This photo from 1933 shows the District 1 brick schoolhouse built in the developing village in 1838 to replace the older wood-framed school.
The mill burned to the ground (top photo) in 1877. L.J. Colony rebuilt after the fire and helped make Keene the rocking chair capital of the country in the late 1800s. The bottom photo shows the rebuilt mill.
The current village center was created around 1840, and part of that development was a large brick store built by Jonas Melville and Reuel Nims on what is the common today. (See March 2014 photo for a later version of the store.) Nims owned the land where the town hall is today, and he needed storage space for his mercantile operation. In 1846, he sold the Town the right to built a town hall on the land, provided it included an eight-foot-deep cellar that Nims and his heirs could use forever. That deed is dated October 1, 1846.

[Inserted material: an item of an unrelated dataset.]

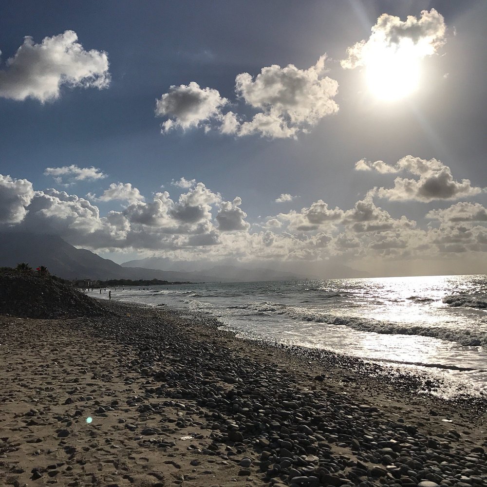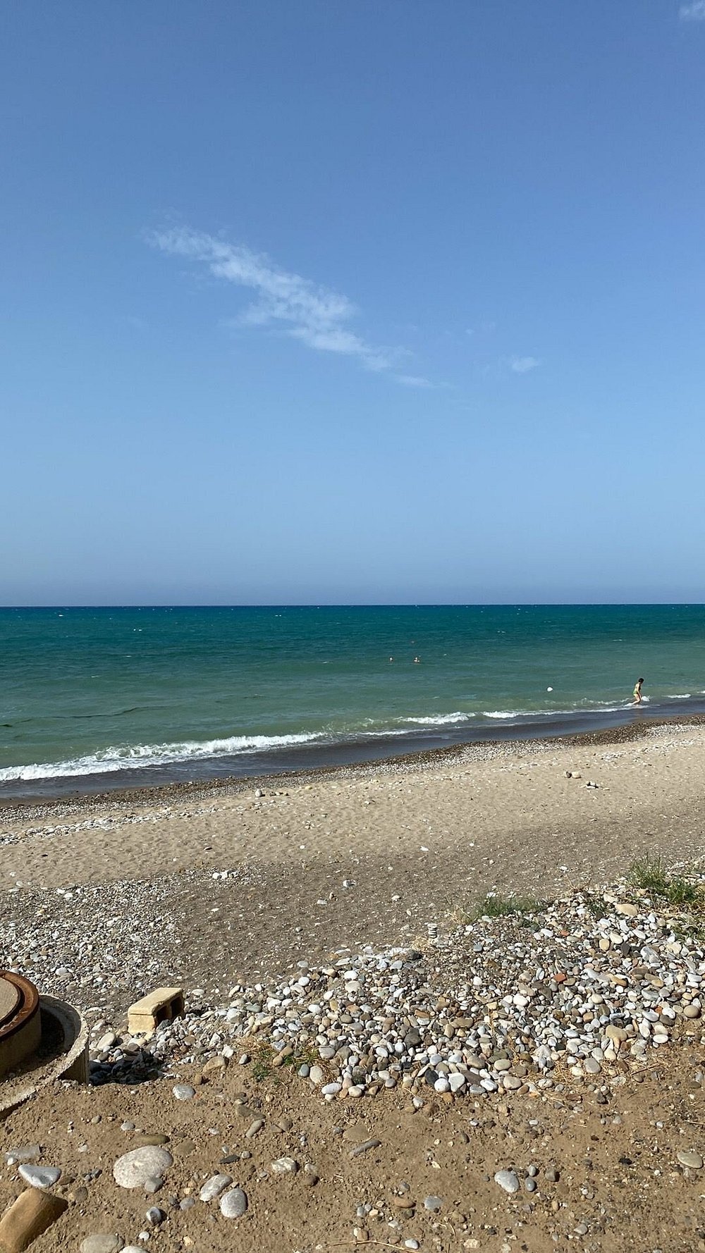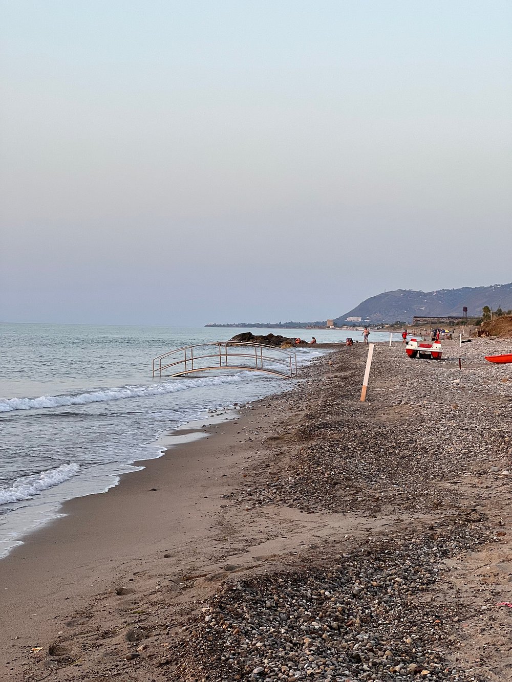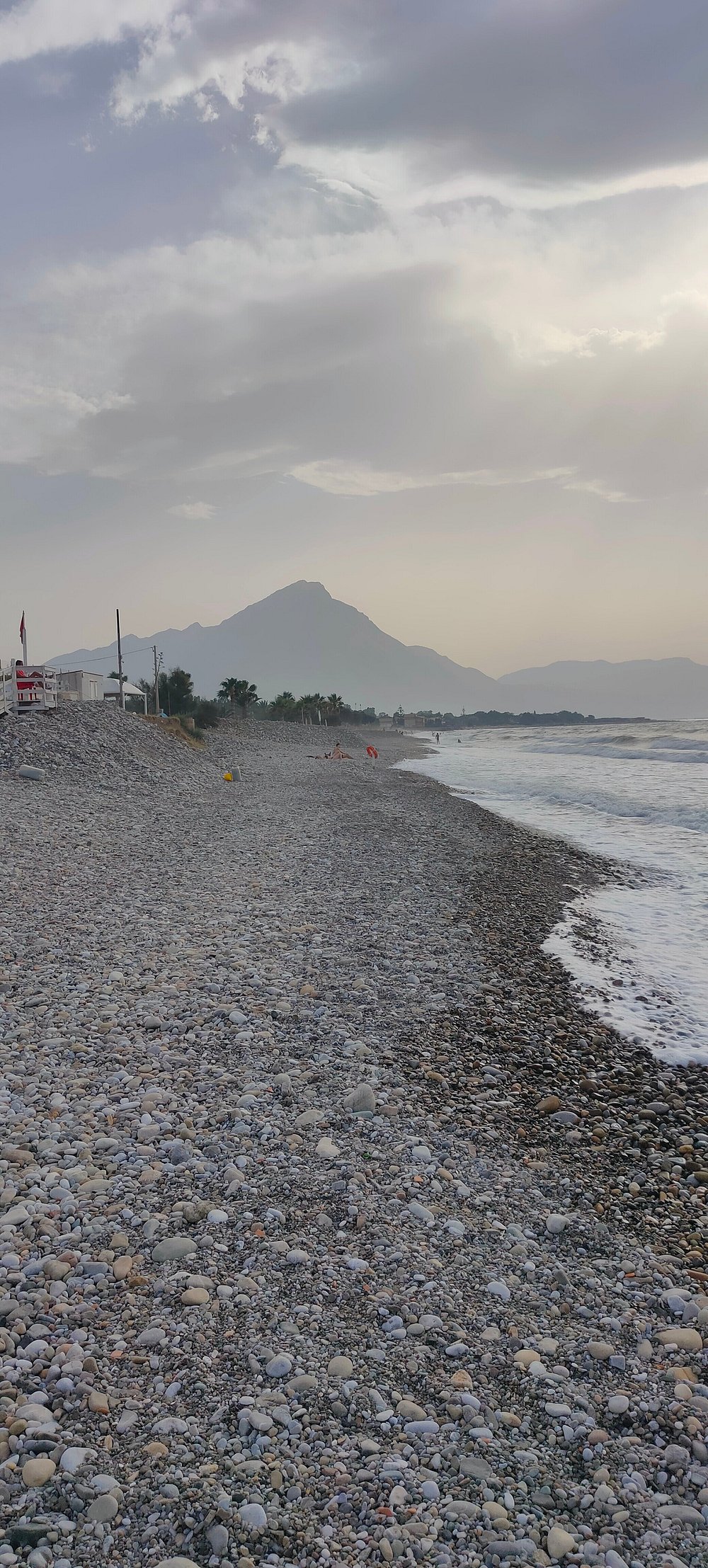 Zdjęcie przedstawia część wypoczynkową z widocznymi leżakami i parasolami, ale obecność osobistych rzeczy turysty dyskwalifikuje je z użycia marketingowego.

By 1859, the Nims store (later Homer Priest’s Nelson House) no longer required the storage area, and voters at Town Meeting instructed the selectmen to purchase the cellar and the adjoining land. In 1878, the Town voted to “take out the under part of the Town Hall and lower the house to the underpinning.” We can therefore date this photograph to 1878 or earlier.
The town hall would go through several more documented renovations, as the generations went on, but the “elevated” version was one that took us by surprise.